Listen up, fellows: Rich, bored teenage girls in New York City are on the prowl for twentysomething (and in some cases, thirtysomething) men. And this time, they’re not just arming themselves with fake ID’s. Young women barely past puberty-and before, ahem, the age of consent-are sashaying onto the Internet, researching adult life, and constructing elaborate alter egos designed to dupe men all too willing to believe their lies.

Consider Alexis. By 14, she was fed up with the dopey guys in her age group. This 5-foot-9 private-school student and class treasurer likes them older-much older.
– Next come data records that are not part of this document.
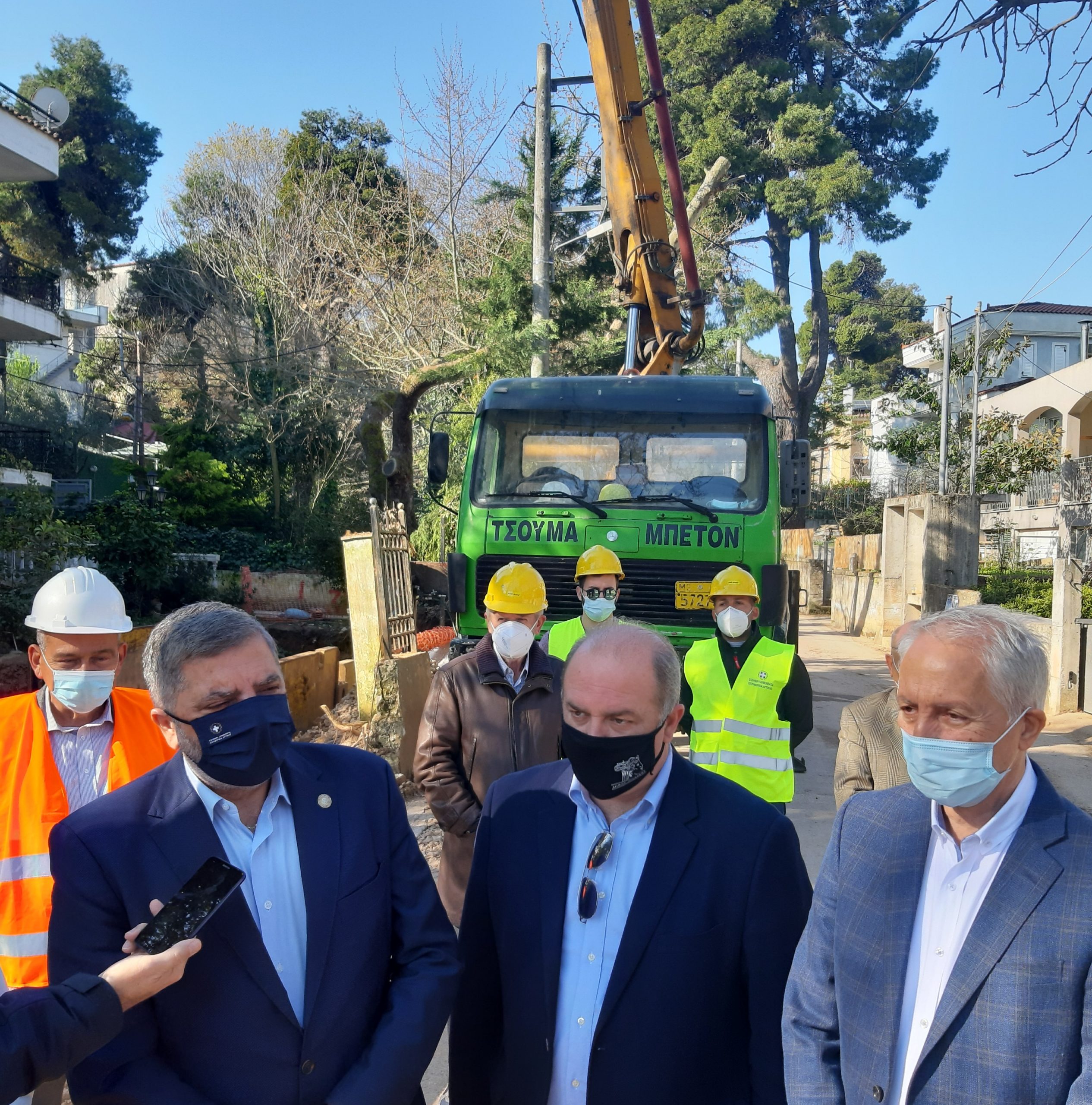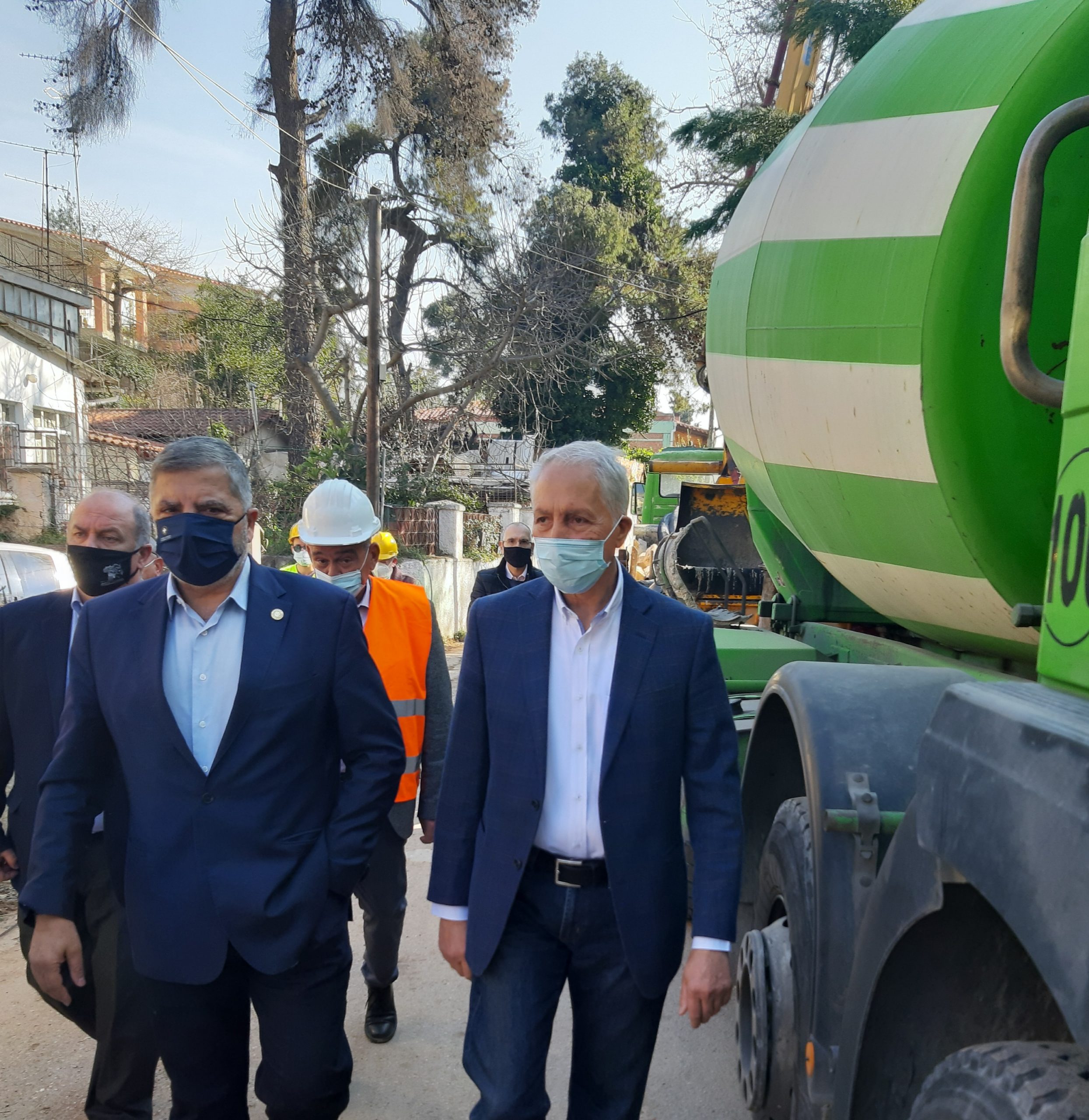 Στο σημείο που υλοποιούνται από την Περιφέρεια Αττικής τα έργα αντιπλημμυρικής προστασίας στο ρέμα «Βρυσάκι» στον Άγιο Στέφανο του Δήμου Διονύσου μετέβη σήμερα ο Αντιπεριφερειάρχης Ανατολικής Αττικής Θανάσης Αυγερινός, συνοδεύοντας τον Περιφερειάρχη Αττικής Γιώργο Πατούλη, για τη διενέργεια αυτοψίας για την πορεία των εργασιών.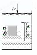 如图所示,在柱形容器中装有部分水,容器上方有一可自由移动的活塞。容器水面浮有一个木块和一个一端封闭、开口向下的玻璃管,玻璃管中有部分空气,系统稳定时,玻璃管内空气柱在管外水面上方的长度为a,空气柱在管外水面下方的 长度为b,水面上方木块的高度为c,水面下方木块的高度为d。现在活塞上方施加竖直向下、且缓缓增大的力F,使活塞下降一小段距离(未碰及玻璃管和木块),下列说法中正确的是( )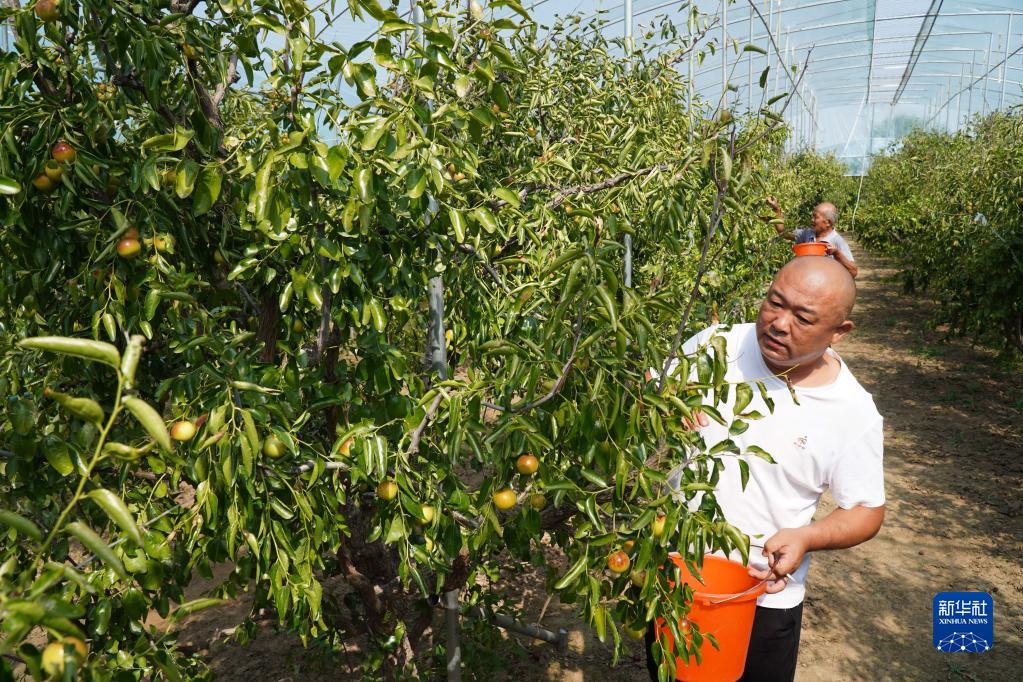 9月22日,在山東省濱州市沾化區下洼鎮的大棚冬棗種植園,棗農在采摘成熟的冬棗。

At first, Alexis employed a simple alias: She would tell the older men she met that she was a junior majoring in communications at the University of Pennsylvania. Everyone bought the lie. It went well until a 24-year-old man asked her out, and mentioned that he, too, went to U. Penn.

“I, like, totally bugged out,” Alexis said.

Hilarious, huh? Of course, there is an honest and coherent philosophy behind the social conservative blind eye to straight pedophilia and obsession with gay pedophilia. An email expresses it simply:

There is a difference too, according to biblical Christian principles. A boy seduced by an older woman is sinning, but a boy seduced by a man is seduced contrary to nature. The B-W relationship is a model of what he should end up doing (having sex inside of a relationship of sexual complementarity in marriage), a B-M relationship is not what he ever should be doing.

I disagree with this strongly. But don’t you think that if this really is the belief of Eberstadt et al, they should simply say so and make their hostility to homosexuality as such more explicit, instead of attacking it under the veil of being opposed to child abuse?